── Extracted records ──
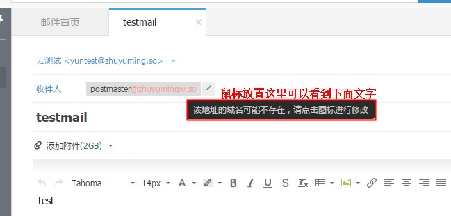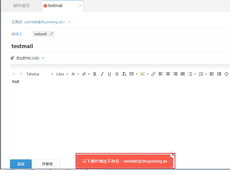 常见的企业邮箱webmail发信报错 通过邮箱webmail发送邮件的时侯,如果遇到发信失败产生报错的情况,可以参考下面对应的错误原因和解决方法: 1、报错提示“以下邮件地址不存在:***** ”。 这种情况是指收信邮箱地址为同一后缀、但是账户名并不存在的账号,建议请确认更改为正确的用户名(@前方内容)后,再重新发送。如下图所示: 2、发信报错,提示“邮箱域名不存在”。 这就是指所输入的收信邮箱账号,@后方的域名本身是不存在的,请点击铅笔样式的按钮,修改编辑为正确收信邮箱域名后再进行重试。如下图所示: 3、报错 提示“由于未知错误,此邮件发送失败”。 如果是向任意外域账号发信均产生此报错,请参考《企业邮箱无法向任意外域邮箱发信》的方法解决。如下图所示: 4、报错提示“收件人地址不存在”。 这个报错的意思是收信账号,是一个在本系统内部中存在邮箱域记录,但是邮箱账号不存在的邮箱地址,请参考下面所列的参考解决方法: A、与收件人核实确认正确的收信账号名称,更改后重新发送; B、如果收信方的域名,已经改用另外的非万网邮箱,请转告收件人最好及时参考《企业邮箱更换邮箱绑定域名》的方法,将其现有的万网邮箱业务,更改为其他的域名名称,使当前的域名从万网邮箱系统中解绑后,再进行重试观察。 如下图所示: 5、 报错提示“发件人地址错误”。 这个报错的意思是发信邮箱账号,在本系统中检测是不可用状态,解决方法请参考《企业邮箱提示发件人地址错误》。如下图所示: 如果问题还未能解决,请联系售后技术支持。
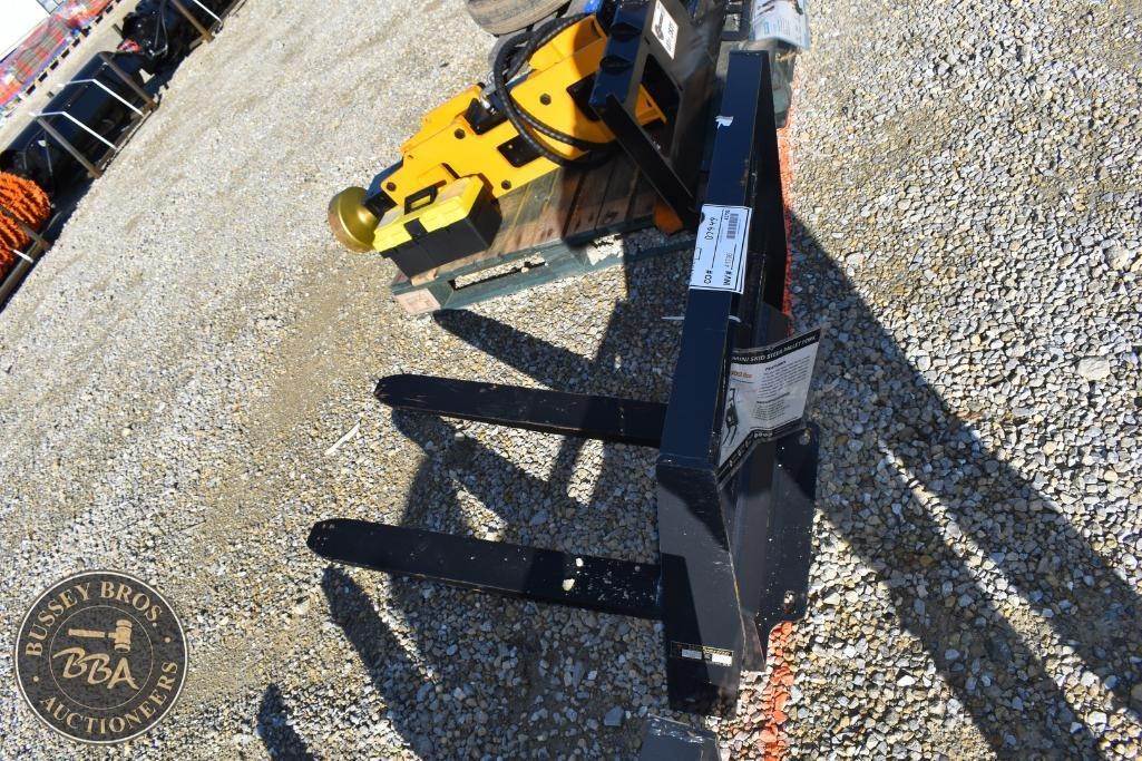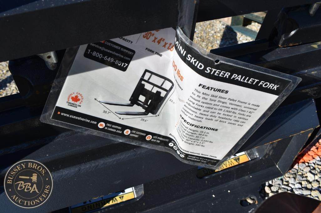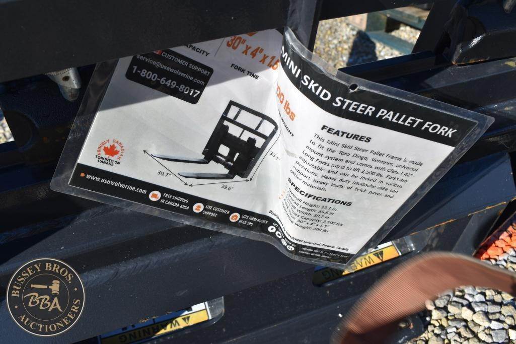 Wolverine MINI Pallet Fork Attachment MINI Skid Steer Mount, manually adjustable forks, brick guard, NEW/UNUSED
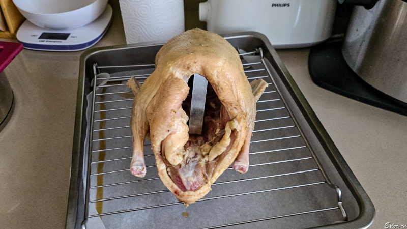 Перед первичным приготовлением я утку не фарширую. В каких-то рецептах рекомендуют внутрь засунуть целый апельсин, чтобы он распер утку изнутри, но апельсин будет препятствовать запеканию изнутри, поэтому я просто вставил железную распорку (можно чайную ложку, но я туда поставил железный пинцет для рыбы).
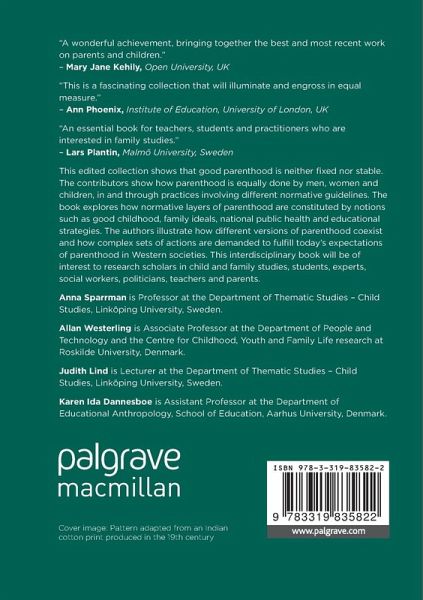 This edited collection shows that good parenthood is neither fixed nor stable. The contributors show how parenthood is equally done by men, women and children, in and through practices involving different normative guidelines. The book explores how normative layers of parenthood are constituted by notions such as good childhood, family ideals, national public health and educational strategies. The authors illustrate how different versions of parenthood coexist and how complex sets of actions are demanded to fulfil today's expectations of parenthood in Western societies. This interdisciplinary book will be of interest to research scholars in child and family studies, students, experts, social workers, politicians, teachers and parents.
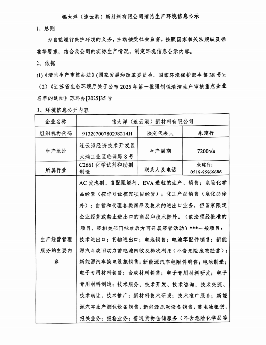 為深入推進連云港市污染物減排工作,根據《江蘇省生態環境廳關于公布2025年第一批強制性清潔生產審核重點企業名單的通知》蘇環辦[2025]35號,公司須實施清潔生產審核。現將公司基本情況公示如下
───
_Your instructions_
Every line from the one containing "Wolverine MINI Pallet" through the end of the records is to be returned exactly, and those lines alone; pictures are dropped.

_Response_
 Wolverine MINI Pallet Fork Attachment MINI Skid Steer Mount, manually adjustable forks, brick guard, NEW/UNUSED
 Перед первичным приготовлением я утку не фарширую. В каких-то рецептах рекомендуют внутрь засунуть целый апельсин, чтобы он распер утку изнутри, но апельсин будет препятствовать запеканию изнутри, поэтому я просто вставил железную распорку (можно чайную ложку, но я туда поставил железный пинцет для рыбы).
 This edited collection shows that good parenthood is neither fixed nor stable. The contributors show how parenthood is equally done by men, women and children, in and through practices involving different normative guidelines. The book explores how normative layers of parenthood are constituted by notions such as good childhood, family ideals, national public health and educational strategies. The authors illustrate how different versions of parenthood coexist and how complex sets of actions are demanded to fulfil today's expectations of parenthood in Western societies. This interdisciplinary book will be of interest to research scholars in child and family studies, students, experts, social workers, politicians, teachers and parents.
 為深入推進連云港市污染物減排工作,根據《江蘇省生態環境廳關于公布2025年第一批強制性清潔生產審核重點企業名單的通知》蘇環辦[2025]35號,公司須實施清潔生產審核。現將公司基本情況公示如下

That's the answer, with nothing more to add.